Data provided START

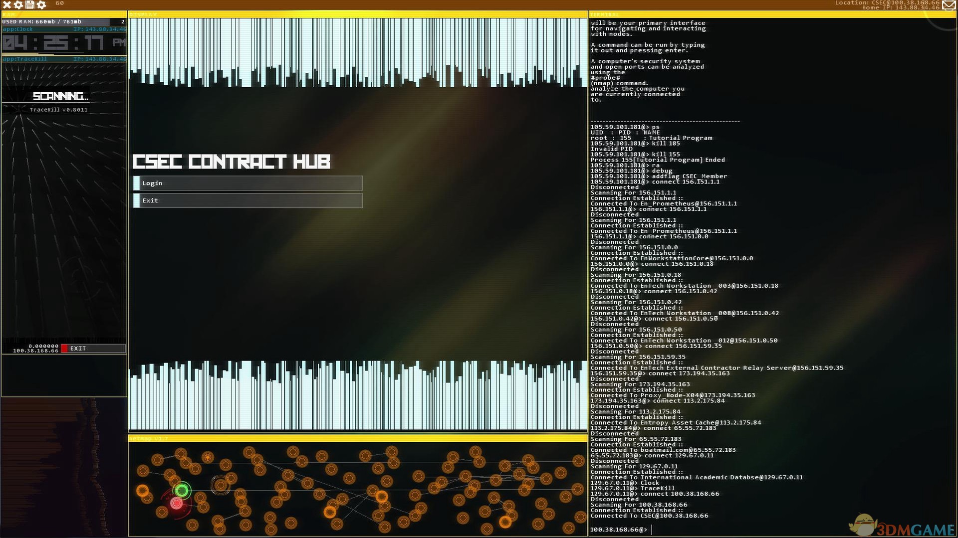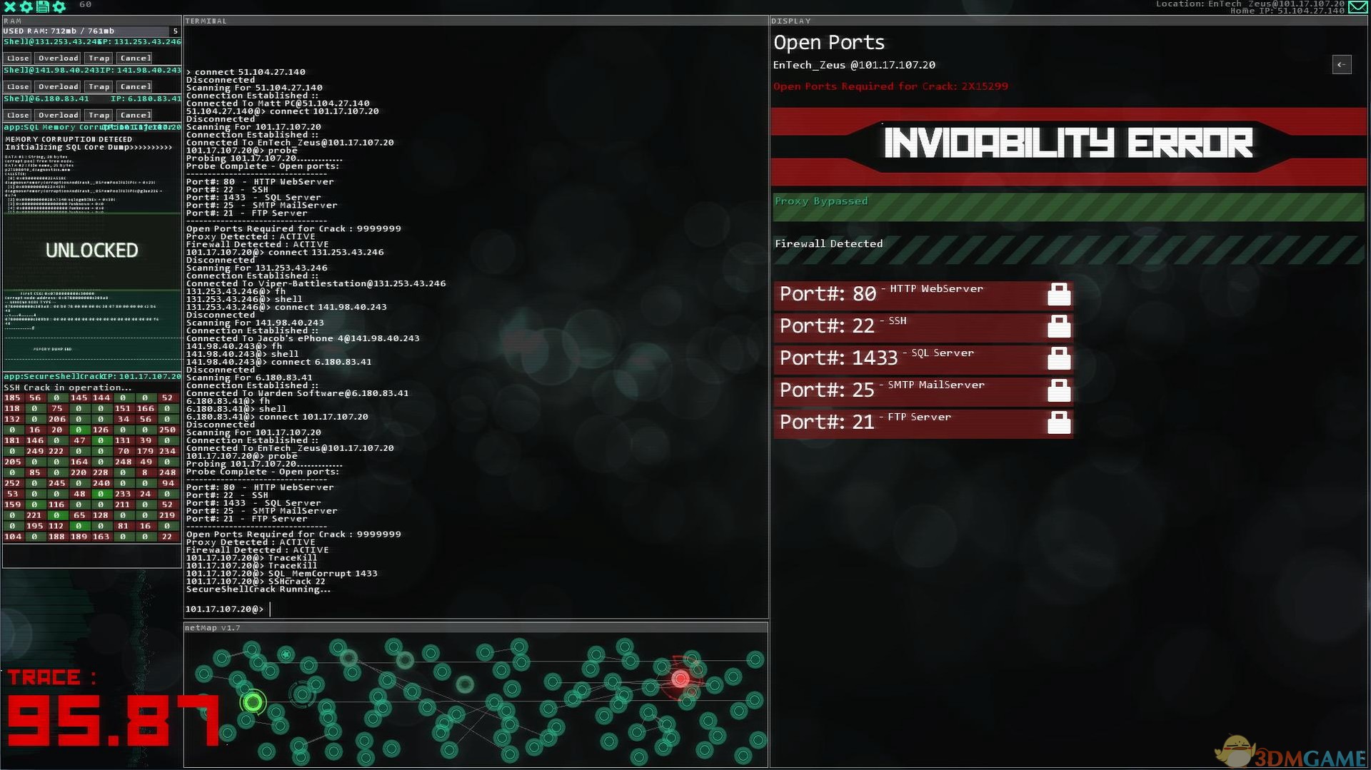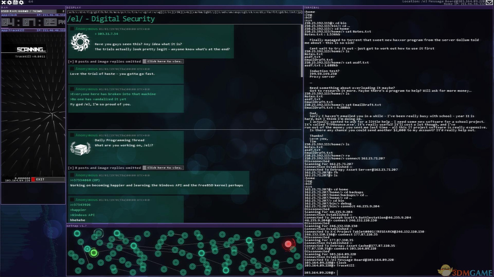 你将会被带入一个无尽的虚拟黑客世界,在这里没有"级别"或者是明显的游戏元素来打破这一体验。你可以选择跟随Bit的邮件的指引,或是直接遨游在整个服务器网络之中,探索并追寻信息的蛛丝马迹。
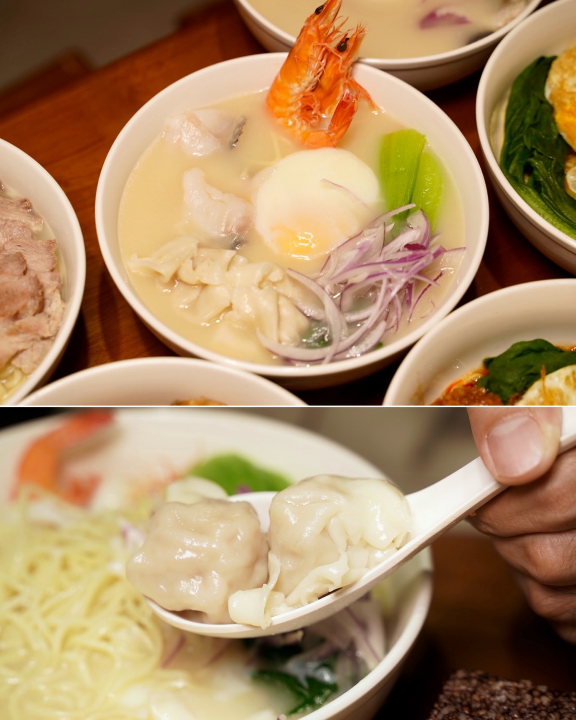 招牌「魚氏湯麵」配料相當豐富,包含水波蛋、蝦子、石斑魚片及餛飩。他們家的湯頭,鹹淡拿捏得剛剛好,喝起來帶點微微黏嘴的口感,原本擔心會有魚腥味,但喝起來卻幾乎沒有。而且石斑魚片口感很彈牙,餛飩個頭大且肉感十足,整碗吃完很滿足。
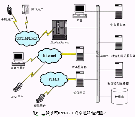 為了描述彩話業(yè)務(wù)系統(tǒng)BYBGM2.0的呼叫流程,將彩話業(yè)務(wù)系統(tǒng)BYBGM2.0網(wǎng)絡(luò)邏輯框架圖經(jīng)過簡化成為下列網(wǎng)絡(luò)拓撲結(jié)構(gòu)圖:

Data provided END

→ **Exercise goal**
No pictures go in the copy. Output exactly the lines from the line containing "招牌「魚氏湯麵」配料相當豐富" through the end of the listing above.

→ **Task result**
 招牌「魚氏湯麵」配料相當豐富,包含水波蛋、蝦子、石斑魚片及餛飩。他們家的湯頭,鹹淡拿捏得剛剛好,喝起來帶點微微黏嘴的口感,原本擔心會有魚腥味,但喝起來卻幾乎沒有。而且石斑魚片口感很彈牙,餛飩個頭大且肉感十足,整碗吃完很滿足。
 為了描述彩話業(yè)務(wù)系統(tǒng)BYBGM2.0的呼叫流程,將彩話業(yè)務(wù)系統(tǒng)BYBGM2.0網(wǎng)絡(luò)邏輯框架圖經(jīng)過簡化成為下列網(wǎng)絡(luò)拓撲結(jié)構(gòu)圖:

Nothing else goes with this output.